Love Lentils! This sounds good!


Oh this recipe is great! I make it without the kombu and it's great comfort food.


Mmm, maybe I'll try this tonight with brown rice and the dandelion greens I just weeded in the garden :)


Hey, so I made these for dinner just now, and ate them with dandelion greens, brown basmati rice, and a whole wheat roti from the Indian market. I have to say they were outstanding. I made a few changes, because I can never do anything by the book . . . Since I didn't have any green onions, I used about half a red onion in my doubled recipe. I omitted the kombu because I didn't have it on hand, but upped the amount of turmeric a bit and added it to the cooking pot instead of to the vinaigrette (I hear that turmeric also helps you digest legumes when they are cooked with it.) I used a bit more salt than you do, and quite a lot of pepper, and a little cayenne. And when the whole thing was finished, because I didn't have green onion, it looked a little bland in color, so I ran to the garden, where I have a profusion of herbs, and clipped some fresh tarragon and mint, which I snipped into the lentils. Delicious!! One question I had, though -- how do you drain the excess water? I wasn't sure if you just tip the cooking pot over the sink, or if you actually use a strainer . . .

Thanks so much for the excellent, healthful recipe! I can't tell you how long those red lentils had been sitting in the cupboard :)


PS. I know you love bitter greens too -- do you ever cook dandelion greens? They are *SO BITTER*! But they were palatable with your delicious tangy lentils and the rice.


Hurray! I'm so glad you tried and enjoyed them! It's nice to share recipes with you even from so far away. Your tweaks sound wonderful; I love recipes that can adapt to whatever is in the cupboard.

About the excess water - the instruction to drain is in the original recipe, but I have never had excess water. I left it in there because presumably someone at some point in recipe testing had some. So it doesn't specify in the OR (original recipe) and I can't say from personal experience... Did you have excess water when you cooked them?

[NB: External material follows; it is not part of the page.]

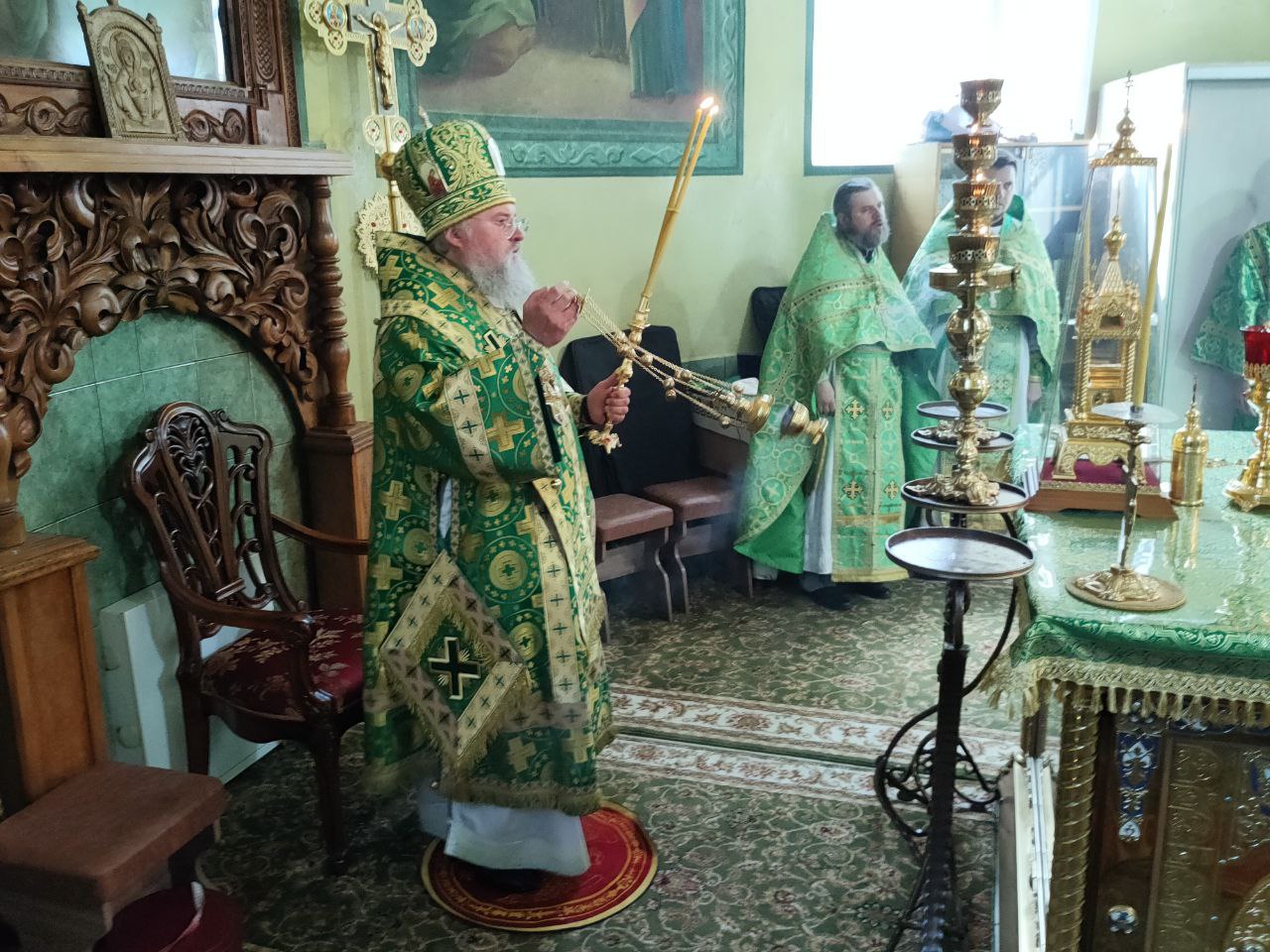 18 июля, в день памяти обретения честных мощей преподобного Сергия Радонежского, епископ Козельский и Людиновский Никита возглавил служение Божественной литургии в храме преподобного Сергия города Людиново.

It's funny, I had a little water in there, and I wasn't sure if it was "excess" -- the thing about lentils is that they can settle to the bottom of the pot, but then if you give them a stir, they reabsorb the water, or at least most of it. Anyway, I tried to pour a bit of the lentils through a strainer as an experiment, but it really splattered, leaving little dots of turmeric & lentil on my shirt! :) I think I'll just skip that next time, because I ended up just dumping them back in the pot right after that, and they were perfect. I think I was expecting them to be a little stiffer because of the texture I saw in your photo of them on the salad, and they are softer and more like the consistency of dal when you have first cooked them. I added my photo, so folks can see both textures. :)


Heather...
seems like they would be 'thicker' when cold...as served over the salad?...
perhaps that explains the difference in texture...
they look a lot more 'watery' in the 'served warm' pic that scrumptious posted...

both ways sound and look delish!

x-softie


Oh! Just wanted to make sure credit was given where credit was due - the gorgeous "served warm" pic of the lentils as part of a yummy meal was prepared and taken by Heather!


Super yummy. i figured I'd make 1 cup, and eat half of it tonight, and save half for a snack tomorrow... oops, that didn't go quite as planned, I ate it all tonight (:


Tried this out last night, doubled up on the spices as i like it that way.... Fantastic though, DO IT!!!